Arkansas Bill to Ease Ballot Access for New and Previously Unqualified Parties

Arkansas SB 277 has been introduced. It has four Senate sponsors and 54 House sponsors, and is backed by the Secretary of State. It lowers the number of signatures for a new or previously unqualified party from 3% of the last gubernatorial vote, to exactly 10,000 signatures. It moves the petition deadline to three weeks before the primary. In presidential years the Arkansas primary is in March; in midterm years it is in May.

It permits the petition to circulate starting January 1 of any odd year, which gives proponents approximately fourteen months. The old law required the petition to be completed in three months.

This bill exists because the old law was held unconstitutional last year.

Virginia Bill for Party Labels for Partisan Local Elections is Defeated

On February 7, Virginia House Bill 1414 died in the House Privileges & Elections Committee.

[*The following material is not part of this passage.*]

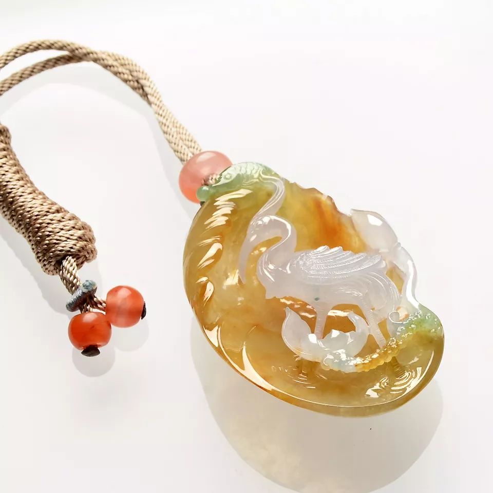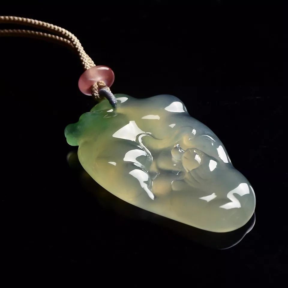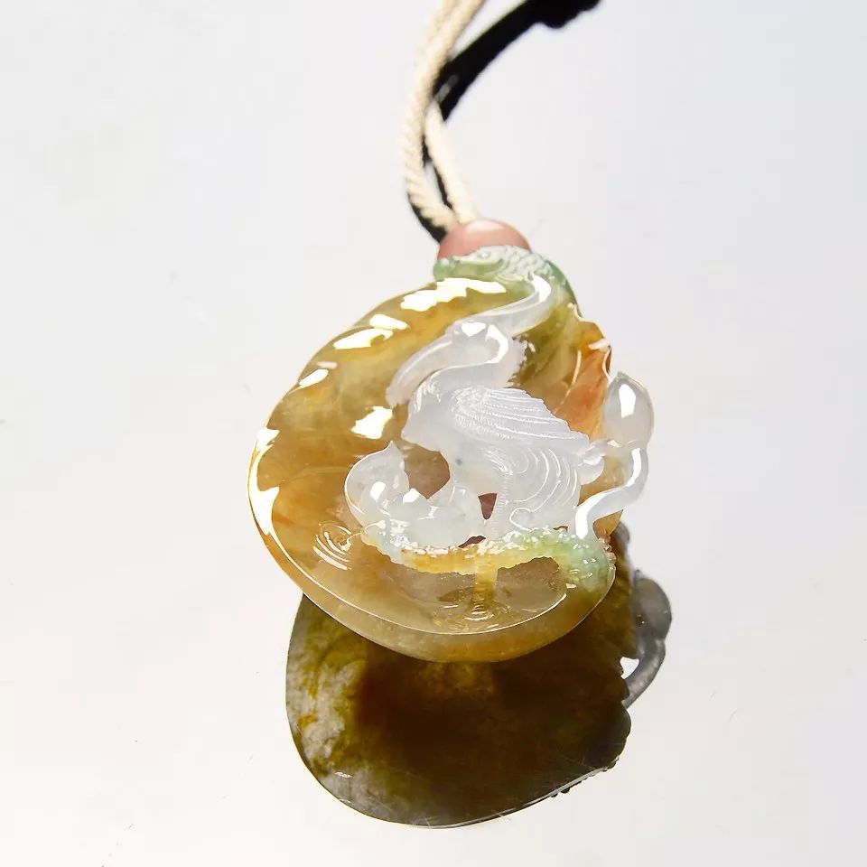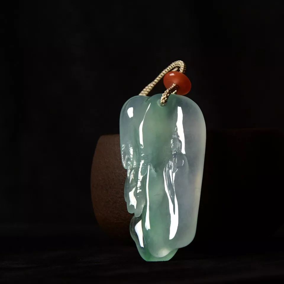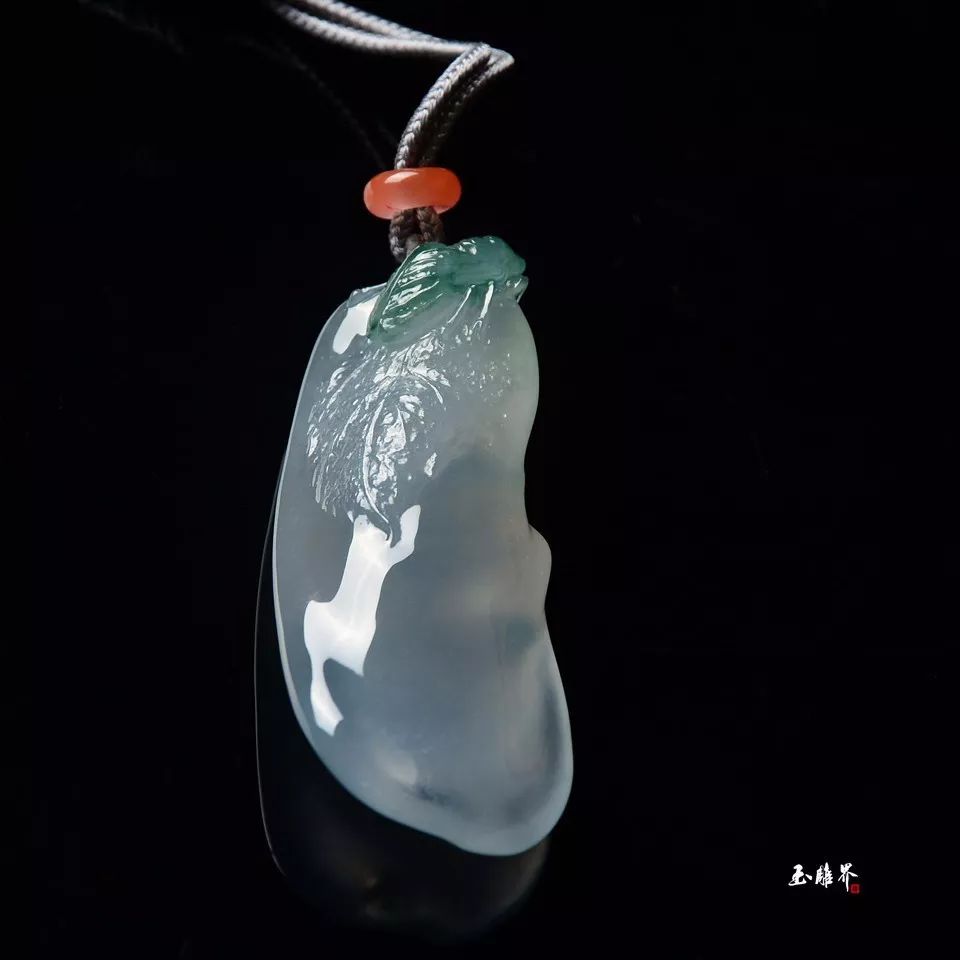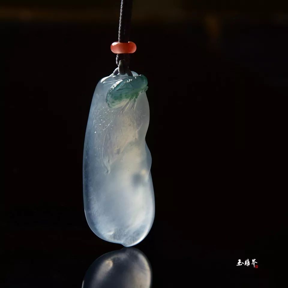 她的作品《一鸣惊人》,俏色巧雕,运用顶部飘花一只蝉爬在树叶上,细节处理精细,但对整块玉雕却未做过多修饰,保留了材料自身通透、灵动的美,既有一鸣惊人之意,也有一种精简的美感。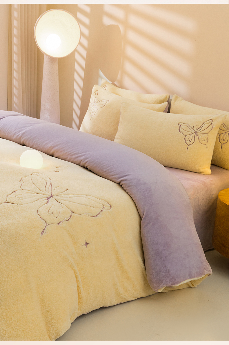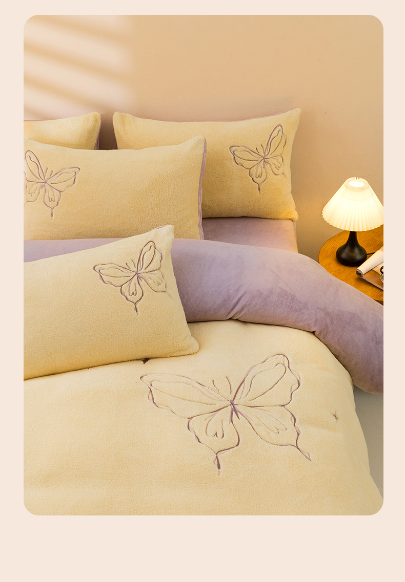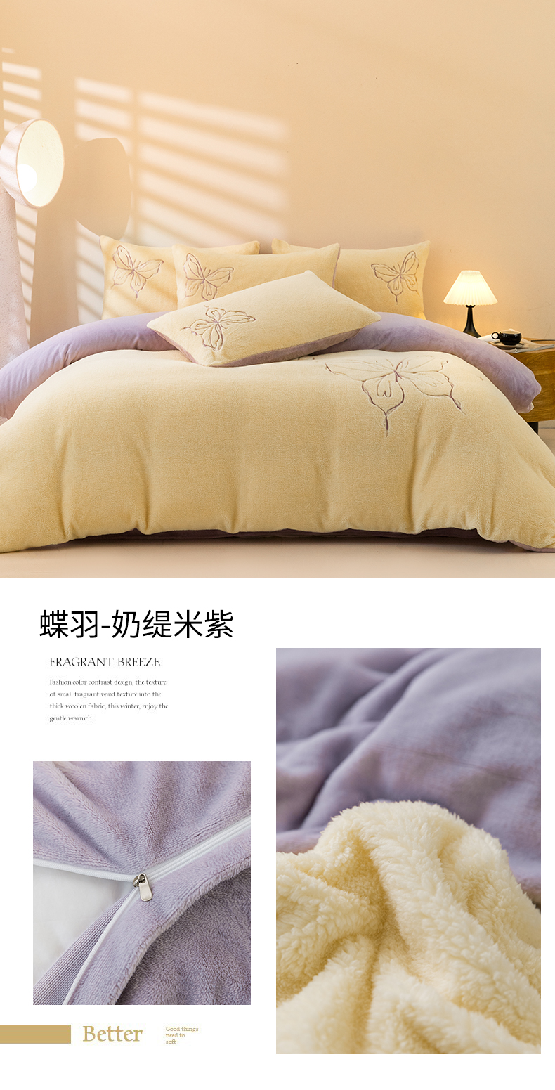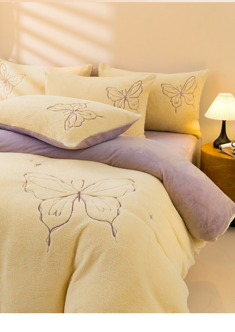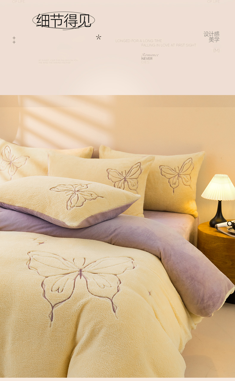 商品名称:2024新保暖-秋冬A类南极绒刺绣四件套-蝶羽系列 蝶羽-奶缇米紫

It would have provided for party labels on general election ballots for candidates for partisan local office. Virginia is unique in leaving party labels off general election ballots for local partisan elections. Parties have nominees but that information is kept off the ballot.

Before 2000, Virginia even banned party labels for congressional and state office elections.

Arizona Proposed Constitutional Amendment, Protecting Political Parties, Advances

On February 15, the Arizona House Committee on Municipal Oversight and Elections passed HCR 2033. This is a proposed state constitutional amendment that would provide that all qualified political parties shall be permitted to place a nominee on the general election ballot. The vote was 6-4.

If the bill passes, the voters would vote on it. If the voters pass it, that would block any attempt to deprive parties of their ability to nominate candidates, and would therefore prohibit a top-four, top-five, or top-two measure.